(Records from a data collection)
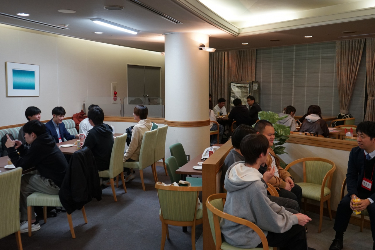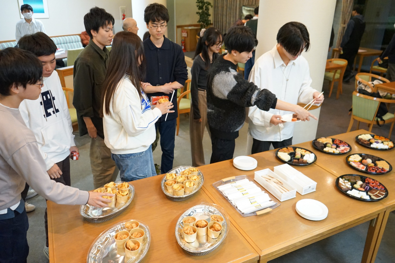 また、表彰式終了後には、軽食交流会を実施し、審査企業と学生・教員の間で、取り組んだ企画の話(学生)や現場で起きた摩訶不思議な話(企業)などで、盛り上がりました。
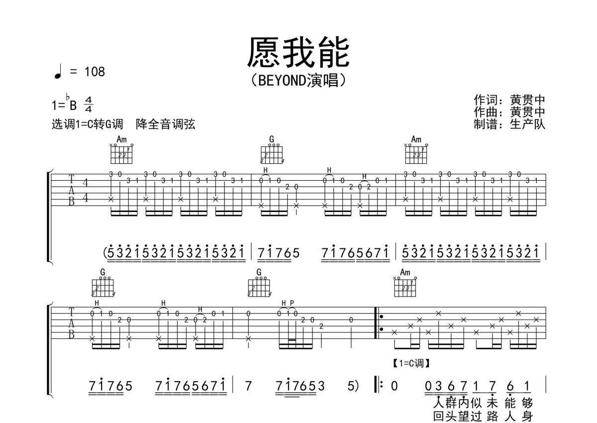 《愿我能》是Beyond演唱的一首歌曲,拍号为4/4拍,歌曲速度为每分钟108拍,歌曲原调为Bb调,但由于原调指法比较难,为了方便弹奏,本吉他谱采用的是C调指法编配,这份吉他谱共有三张高清图谱,图谱由 @生产队 编配上传,图谱使用六线谱编配,包含吉他和弦指法、简谱以及歌词部分,使用这份愿我能吉他谱,可以让你更加方便地掌握这首歌曲的弹唱技巧,快来尝试吧。
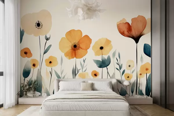 Murais de parede Bleunioù ar pradoù gant dourliv, rust, kempenn bleunioù, tresadenn eeun, beige, orañjez, glas Nr. w01453
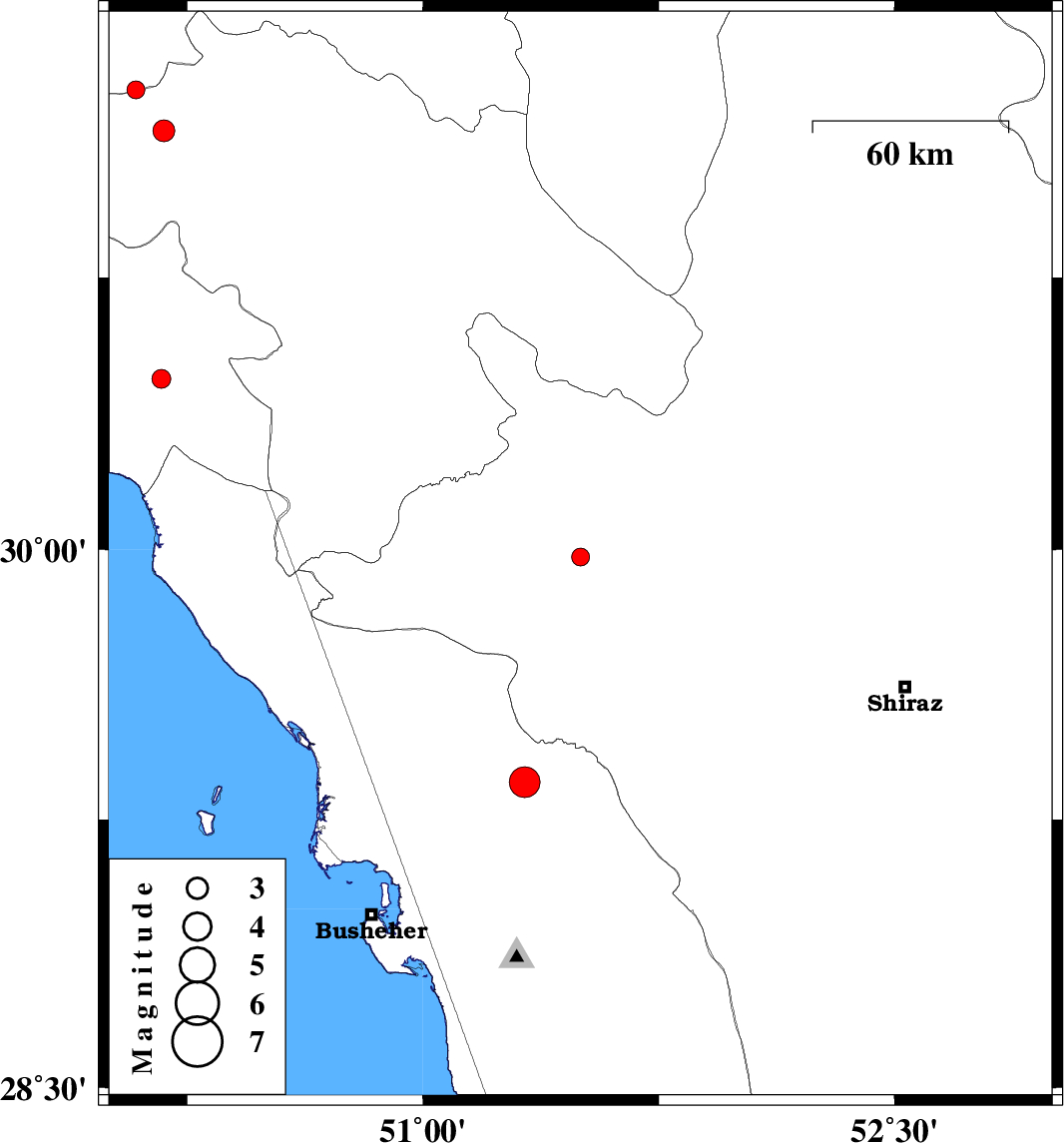 | 2016/07/08 | 10:53:19.2 | 15:23:19.2 | 29.98 | 51.501 | 6 | ML2.6 | Fars Province, 15 km South of Nurabad | ||
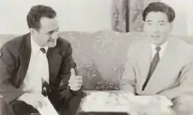 During his self-imposed exile in the early 1950s, Ngô Đình Diệm met and befriended Wesley R. Fishel, a former military language specialist with a doctorate in international relations from the University of Chicago. Fishel was "impressed [by] Diệm's anticommunist and sociopolitical reform views, and the two men corresponded frequently".[3] When Fishel was hired in 1951 as an assistant professor of political science at Michigan State University, he invited Diệm to join him.[4] Two years later, as assistant director of the university's Governmental Research Bureau, Fishel appointed Diệm as the bureau's Southeast Asian consultant.[5]

## About this task
Pictures stay out. Repeat only the lines from the beginning of the data through the line that has "Murais de parede".

## Result below
 また、表彰式終了後には、軽食交流会を実施し、審査企業と学生・教員の間で、取り組んだ企画の話(学生)や現場で起きた摩訶不思議な話(企業)などで、盛り上がりました。
 《愿我能》是Beyond演唱的一首歌曲,拍号为4/4拍,歌曲速度为每分钟108拍,歌曲原调为Bb调,但由于原调指法比较难,为了方便弹奏,本吉他谱采用的是C调指法编配,这份吉他谱共有三张高清图谱,图谱由 @生产队 编配上传,图谱使用六线谱编配,包含吉他和弦指法、简谱以及歌词部分,使用这份愿我能吉他谱,可以让你更加方便地掌握这首歌曲的弹唱技巧,快来尝试吧。
 Murais de parede Bleunioù ar pradoù gant dourliv, rust, kempenn bleunioù, tresadenn eeun, beige, orañjez, glas Nr. w01453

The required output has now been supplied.